**What is required:** Beginning at the top of the data below, restate every line word for word until the line containing "ZSL Tillman 127H" has been included, and omit the pictures.

··········

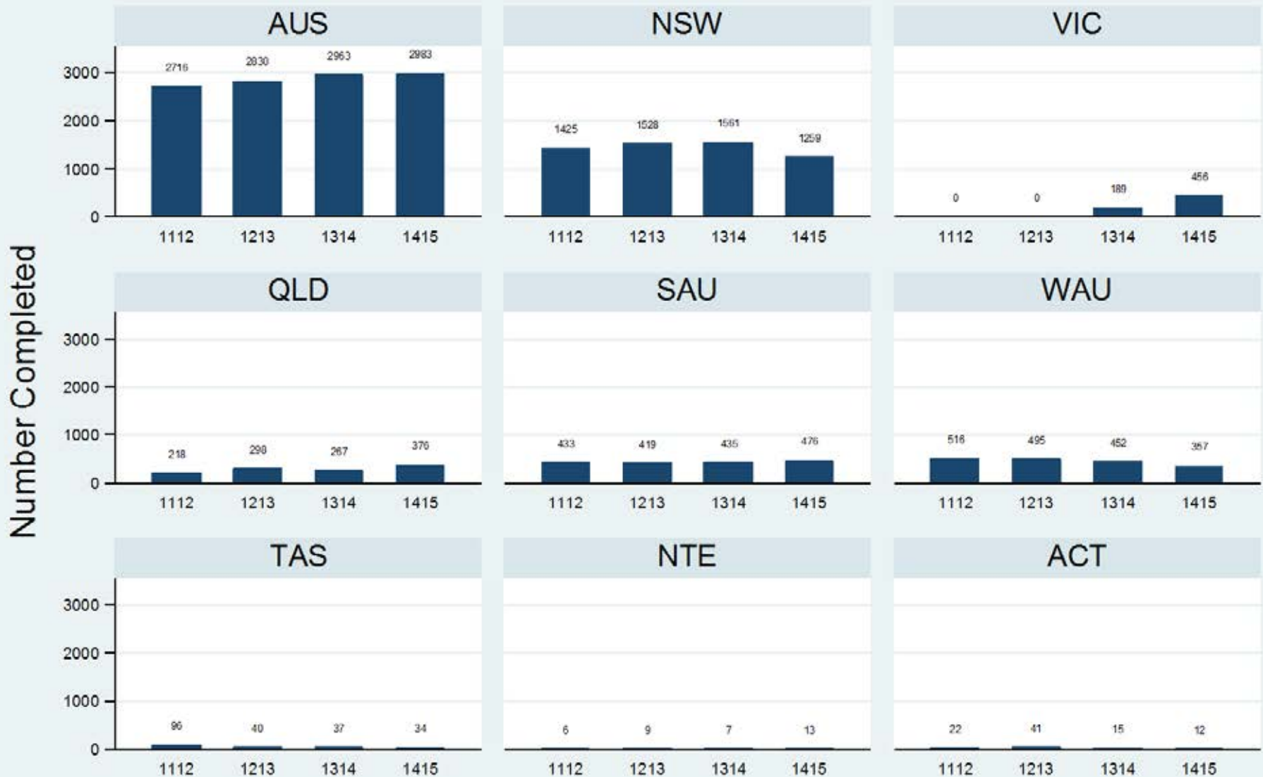
Figure 3.3.2.4.V: Older Persons - Ambulatory - Review - CSR

Data Extract - 06 March 2016; Analysis & Reporting - 12 March 2016
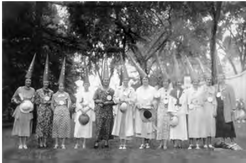
1920 Jackson class reunion, June 15, 1935

* Distinct total represents the number of unique individuals from each state (domestic) or country (foreign) or lost address (lost) or valid email address only (location unknown). It eliminates any duplicates between multiple degree holders across schools.
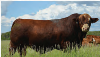
ZSL Tillman 127H

Krush was purchased from Double F Cattle Co for $16,000. Jayne found this true curve bender as we were looking for a great cross for the Gomez females. He boasts a 69 lb birthweight, a 914 lb adjusted weaning weight and a 1623 lb adjusted yearling weight. He ranks in the TOP 15% for Calving Ease, Top 20% Birthweight, Top 2% Weaning Weight and TOP 1% Yearling Weight in the breed!
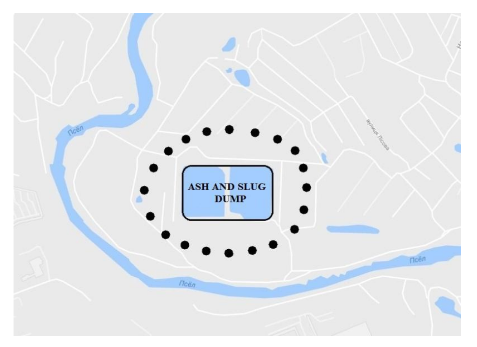
Fig. 3. Soil sampling points in the area of ash and slug dump
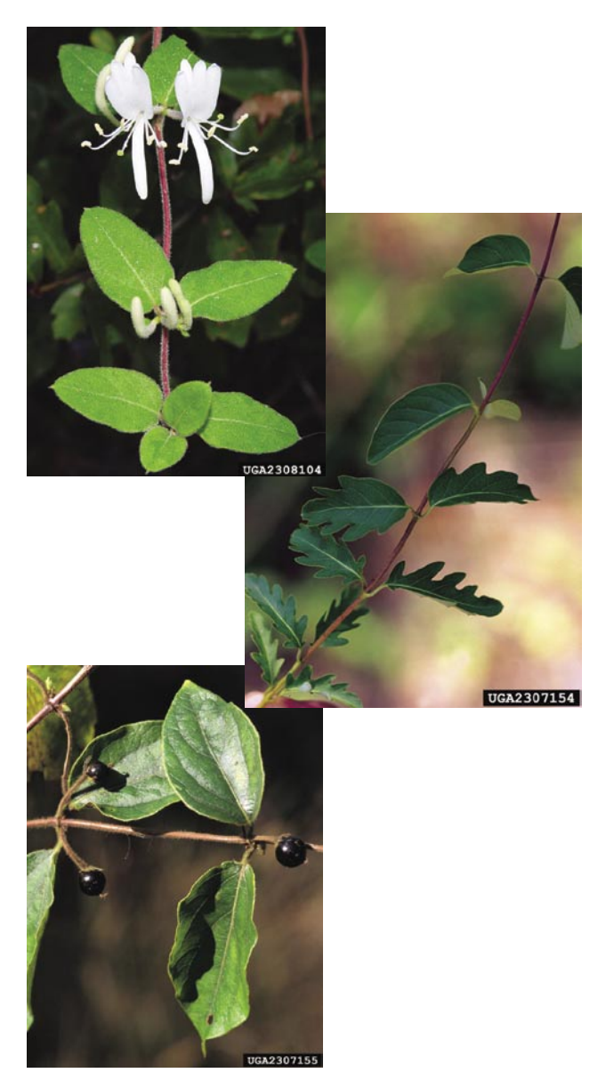
Lonicera japonica Thunb.
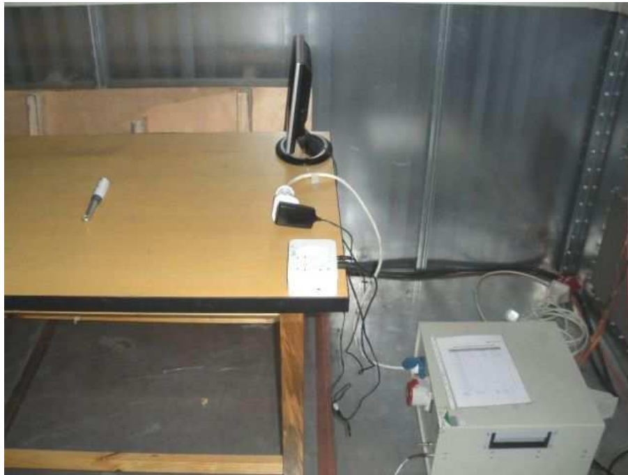
Photograph 1: Set-up for conducted emission

··········

**Response to this exercise:**
Figure 3.3.2.4.V: Older Persons - Ambulatory - Review - CSR

Data Extract - 06 March 2016; Analysis & Reporting - 12 March 2016
1920 Jackson class reunion, June 15, 1935

* Distinct total represents the number of unique individuals from each state (domestic) or country (foreign) or lost address (lost) or valid email address only (location unknown). It eliminates any duplicates between multiple degree holders across schools.
ZSL Tillman 127H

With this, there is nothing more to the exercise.